The approach makes clear that the two STAPs are coincident, i.e., twin, if and only if two independent conditions are satisfied: the instalment trigger of the STAPR must be the instalment output of the STAPC and the matrix \(\Phi \), which transforms the instalment trigger in the reimbursement output must be the inverse of F, which transforms the reimbursement trigger in the instalment output.

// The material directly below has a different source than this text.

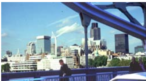
Fig. 3. Londra, nel 2000.

In questo modo, i luoghi – una volta luoghi-città e luoghi-

A symmetric reasoning may be applied keeping as starting point a STAPR with trigger/input a sequence of instalments. From a logical point of view, neither of the two starting points is privileged and there are no reasons to think that the two STAPs should follow different rules depending on the choice of the trigger.

The IO approach introduced here may be applied to any STAP, but it is of particular utility once it is applied to the case of the plan currently labelled French STAP. It helps us to understand that the contractual agreement on a sequence of constant instalments is not necessarily obtained as the outcome of a STAPR. It may be obtained also as the outcome of the STAPC with agreed trigger a proper sequence of reimbursement quotas. It should be noted that the corresponding feasibility condition does not directly involve either any a priori condition of constancy of instalments, or any financial regime framework. Rather these two conditions are merely the outcome of the STAPC.